Heck, even The Economist says 5.4%.
David R. Henderson
Jul 16 2009 at 1:21pm
Dan Weber,
You wrote:
When I heard “five point four percent,” I knew, instantly, that they meant 5.4 percentage points. There was no confusion at all to me.
I believe you. I dare say that most people would not be confused by it either. That’s the problem.
David
liberty
Jul 16 2009 at 5:44pm
I agree with Black Sheep — I have been modeling the surtax for Heritage, and hence reading all about it, and I do not think it has been poorly represented.
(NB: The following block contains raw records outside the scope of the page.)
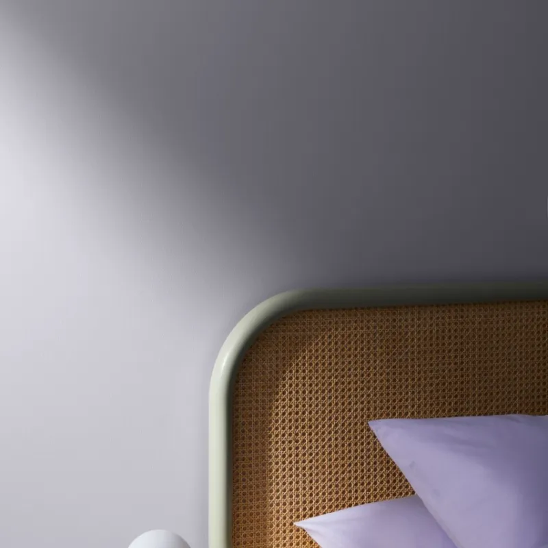 Kaino ja hentoinen, kuin metsäorvokin pehmeä terälehti. Viileä ja utuinen liila pääsee oikeuksiinsa isoilla seinäpinnoilla.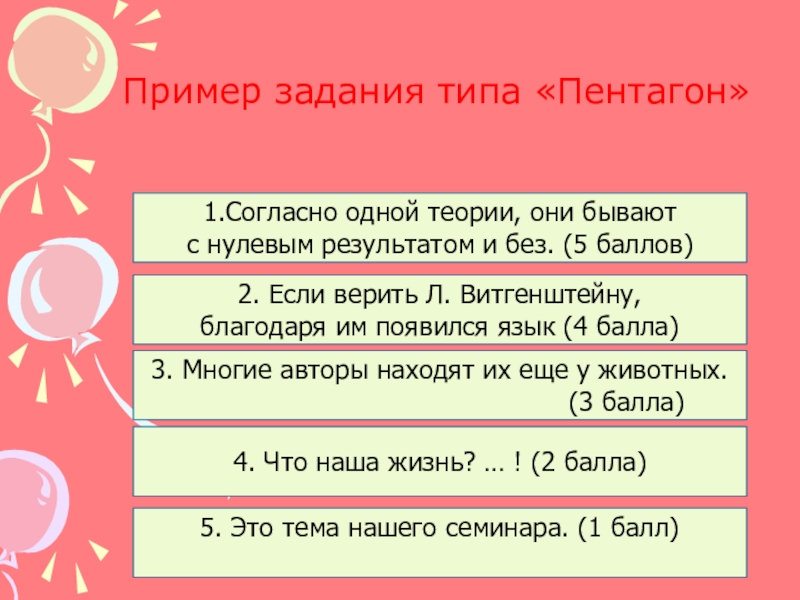 Слайд 11Пример задания типа «Пентагон»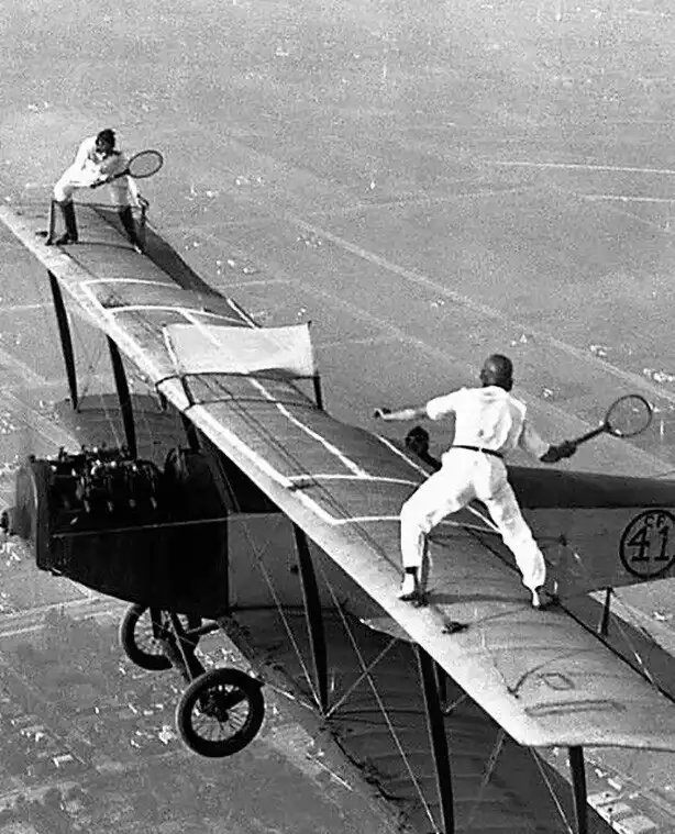 8. Глэдис Рой, которая любит делать необычные вещи с самолетами, еще к тому же любит играть в теннис.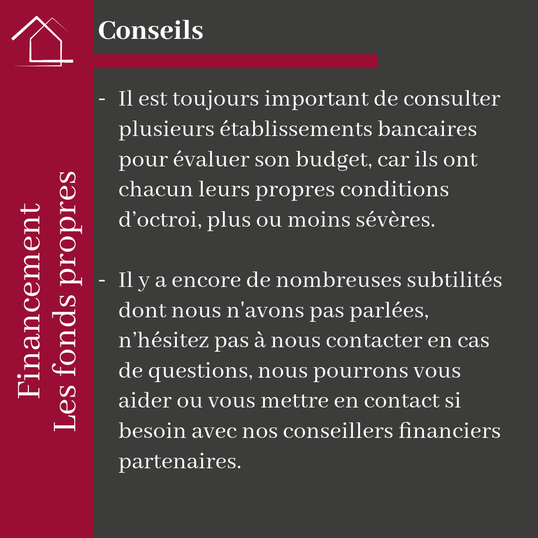 Il est important de noter que selon le type d’achat immobilier que vous faites, l’établissement financier peut vous demander plus de fonds propres. En effet les 20% de fonds propres sont en principe demandés pour l’achat d’un propre logement mais lorsque vous achetez un bien pour du rendement ou une résidence secondaire, les fonds propres demandés seront plus conséquents.
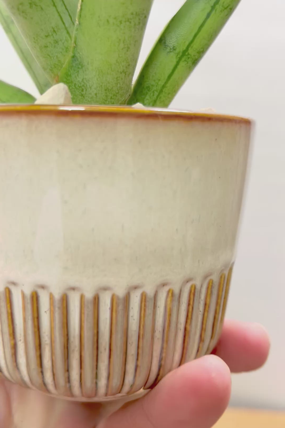 ゴツゴツした質感の陶器POTです。※自然の風合いを大切にするため、色ムラや歪み、欠けなどが多少あります。ご了承ください。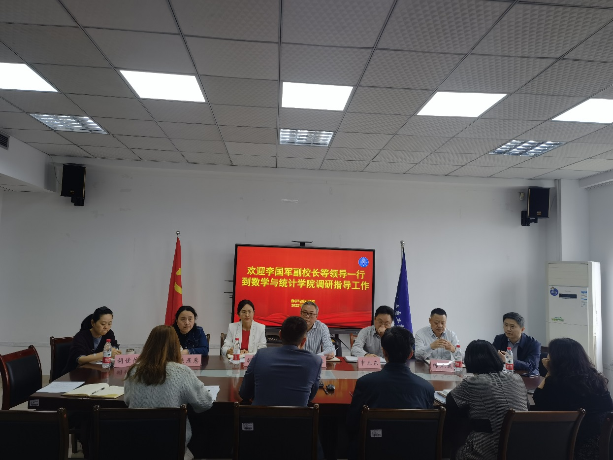 5月17日下午,副校长李国军带领学生处、团委负责人和心理中心老师莅临数学与统计学院调研指导心理健康教育工作。学院党委书记唐玺、院长陈义安、副院长叶勇、全体辅导员参加了会议。

Most people think of a surtax as a new tax, and it is indeed a new 5.4% tax for those earning more than 1 million AGI (joint). Hence, 5.4% of 1 million goes from their pocket into the government’s pocket. Bye bye $54,000.
Nobody is thinking that it is a 5.4% increase of what I currently pay; they realize as a new tax this means 5.4 percent of earnings, or a 5.4 percentage point increase. This clear because the reporters say “a surtax on incomes of …” not “a surtax on taxes paid.”
In general I think the media does a terrible job, but in this case I do not think it is deceptive or all that confusing.
Patrick R. Sullivan
Jul 17 2009 at 1:29pm
Actually, David Henderson is correct. The 10% surtax was added to your calculated tax on your tax return back in (iirc) 1969. If you would have paid $1,000 under the tax tables, with the surtax it was upped to $1,100. I remember having to make the calculation.
For consistency, today’s newspapers should be referring to a 15.4% ‘surtax’ (or, an increase in the top marginal tax rate to 40.4%).